Les premières semaines de préparation et de création de l’entreprise ont passé très vite, et je me suis rapidement rendu compte des multiples imperfections des différentes administrations françaises dont on parle si souvent. Eh bien, je dois vous avouer qu’il n’y a pas de fumée sans feu. Un exemple : cinq appels, cinq interlocuteurs différents, cinq réponses différentes. Vous comprenez très vite qu’il convient de tout noter, les dates et heures des appels, les noms des interlocuteurs… Privilégiez les écrits et surtout soyez très clairs (voire simplistes) dans vos messages. Haut les cœurs, il faut passer par là, en essayant de ne pas trop s’énerver et gaspiller de l’énergie qui sera bien utile par ailleurs.
Car avoir sa propre entreprise, cela signifie ne JAMAIS s’arrêter de travailler. En toute légalité, car le droit du travail n’est pas passé par la microentreprise.
35 heures par semaine ? Ha ! ha !
Heures supplémentaires limitées ? Peuchère…
Le travail le dimanche est interdit en Alsace ? Allons donc :-).
Quant aux jours fériés… Ma foi, tout dépendra du chiffre d’affaires (où en suis-je par rapport aux objectifs ?), de la charge de travail (combien de mots me reste-t-il à traduire sur la commande pour tel client ?), des projets en cours (où en est le site internet ?), etc. Avec de la chance, oui, on arrivera peut-être à prendre quelques jours de congés....
Et pour ce qui est de tomber malade, il est grandement préférable de l’éviter, à moins d’avoir souscrit une excellente assurance privée. Toujours prudente en matière financière, j’ai préféré parier sur une santé de fer et un système immunitaire sans faille.
Tout microentrepreneur un peu sérieux et réaliste comprend très vite que l’équation est simple, il n’est guère nécessaire de se transformer en Hercule Poirot ou en Miss Marple pour le découvrir : plus tu travailles, plus tu gagnes.
Cela ne vous rappelle pas vaguement un certain discours politique ?
On aurait presque tendance à regretter le salaire qui tombe à la fin de chaque mois, de façon régulière et automatique, quelle que soit l’implication qu’on a eue (ou qu’on n’a pas eue).
L’autre grande découverte à propos de la microentreprise, c’est qu’on est très seul… tout en étant très nombreux. En effet, dès le départ, en phase de création, tout le monde met la main à la pâte :
* le chef d’entreprise se renseigne sur les dispositions légales, assiste à des réunions sur la création de microentreprises, se rend à la Chambre de commerce pour obtenir des informations, contacte l’URSSAF et son centre des impôts pour obtenir des précisions.

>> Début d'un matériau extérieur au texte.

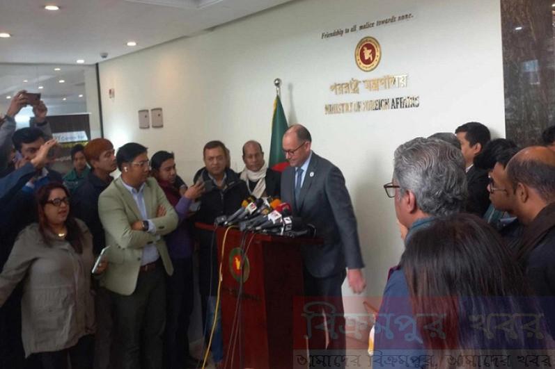 বিক্রমপুর খবর :অনলাইন ডেস্ক :আগামী মাসগুলোতে ব্যবসা-বাণিজ্য, জলবায়ু ও রোহিঙ্গা ইস্যুতে বাংলাদেশ ও যুক্তরাষ্ট্র একসঙ্গে কাজ করবে বলে জানিয়েছেন বাংলাদেশে নিযুক্ত মার্কিন রাষ্ট্রদূত পিটার হাস। আজ বুধবার মন্ত্রণালয়ে পররাষ্ট্রমন্ত্রীর সঙ্গে বৈঠক শেষে এই কথা জানান পিটার হাস।
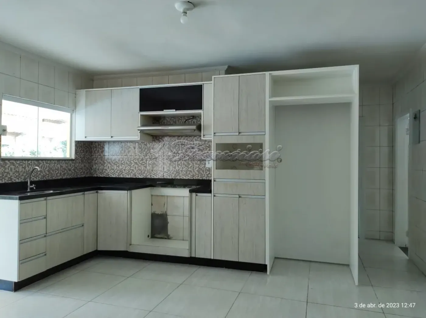 3ª Casa: 1 dormitório, 1 banheiro com armário, sala, cozinha, área de serviço coberta, quintal grande (na frente) com grama, entrada para 2 carros.

* la traductrice prépare CV, lettre de motivation, site internet, profil LinkedIn, organise son poste de travail, achète matériels, fournitures et logiciels indispensables à l’activité.

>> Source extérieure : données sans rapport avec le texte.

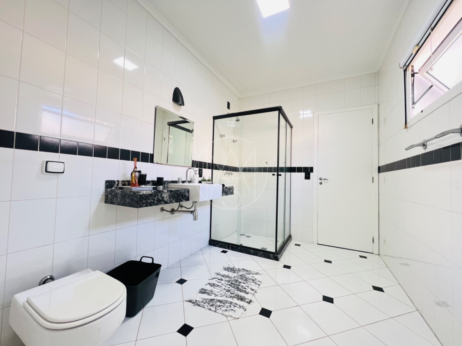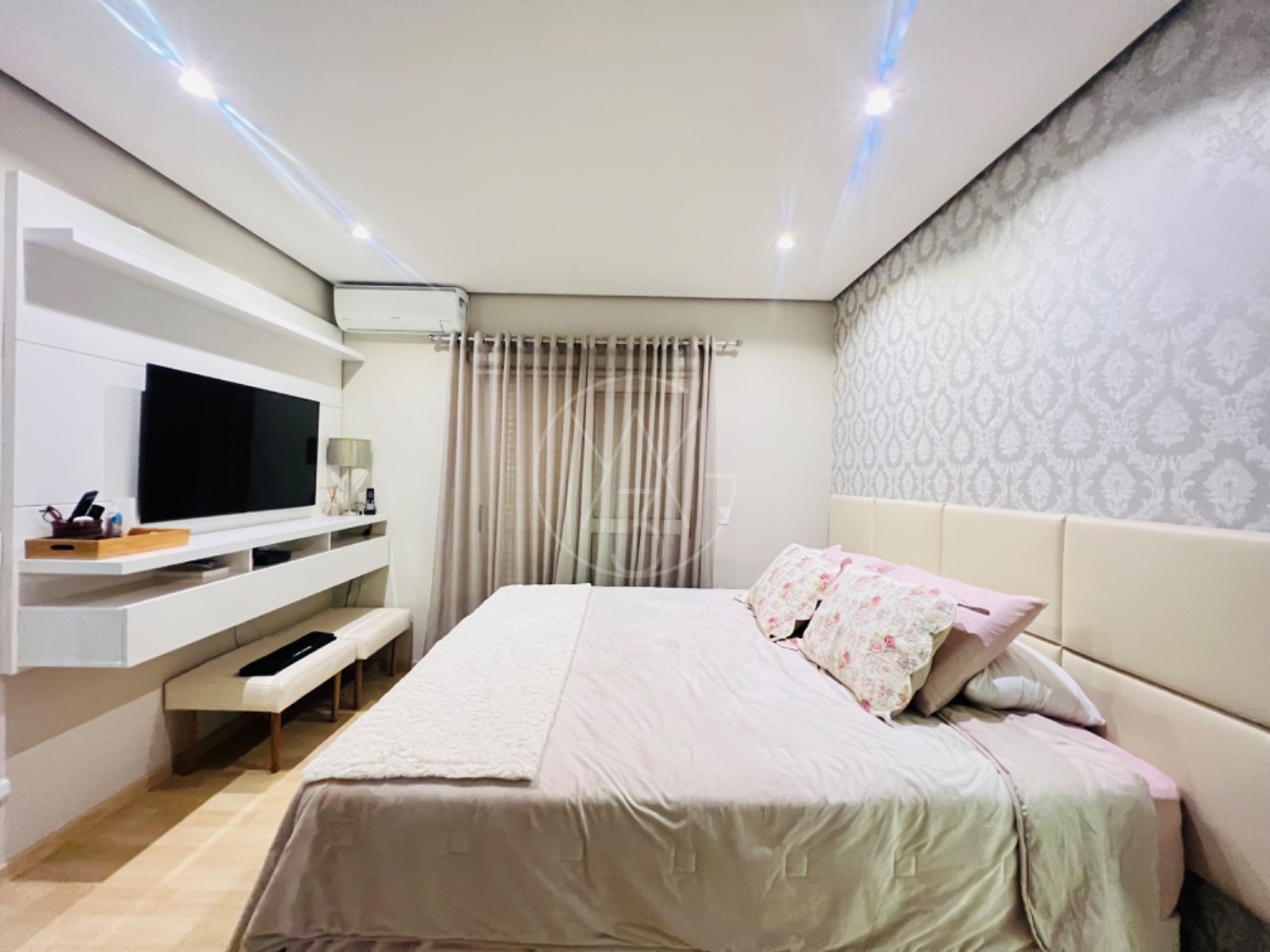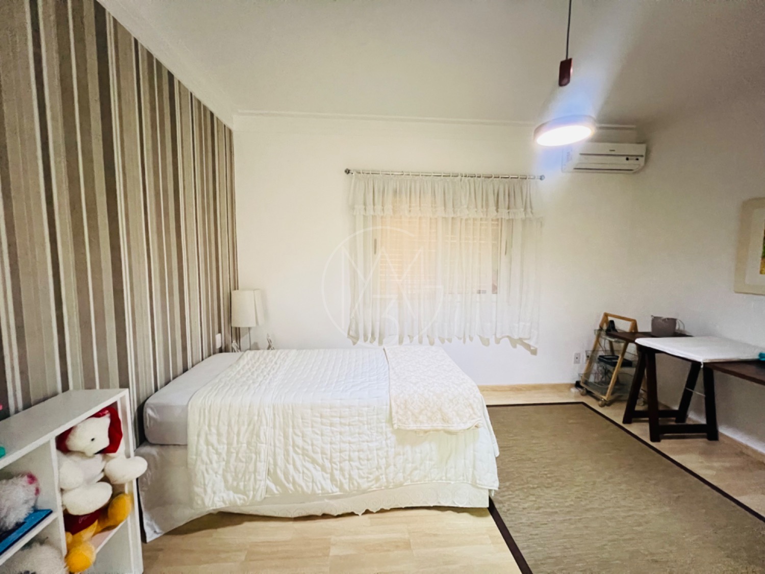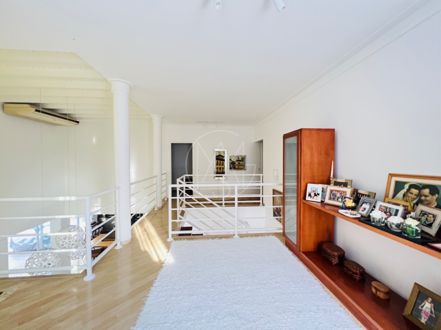 No piso superior, escritório com aparelho de ar condicionado, e são 03 suítes todas com closet.

* la comptable effectue toutes les démarches de création, prépare tous les documents administratifs (c’est principalement elle qui s’irrite), ouvre un compte auprès de la banque.
* le commercial établit le plan d’action et le prévisionnel d’activité, répertorie les clients à cibler, et prépare la prospection. Une fois la société officiellement enregistrée et opérationnelle, il va devoir vendre les qualités de la traductrice et lui trouver des commandes.
* l’informaticien : comment vous dire... Il aurait été très utile d’avoir un informaticien dans l’équipe, malheureusement cela n’a pas été possible, il faudra se débrouiller sans… Certes, Monsieur s’est occupé de l’installation des équipements (imprimante scanner, serveur de sauvegarde, réseau wifi…). Mais en journée, Monsieur travaille. Ce sera donc la traductrice qui gérera (ou pas) tous les problèmes techniques : impressions demandées qui ne s’éditent pas, étalonnage de l’écran qui se dérègle tout seul, problèmes de récupération de documents PDF, mises à jour intempestives qui se déclenchent toujours quand il y a un travail urgent à terminer… Faites preuve de commisération envers cette brave traductrice : elle fait de son mieux dans le domaine informatique, mais qu’est-ce qu’elle rame (sans jeu de mots) !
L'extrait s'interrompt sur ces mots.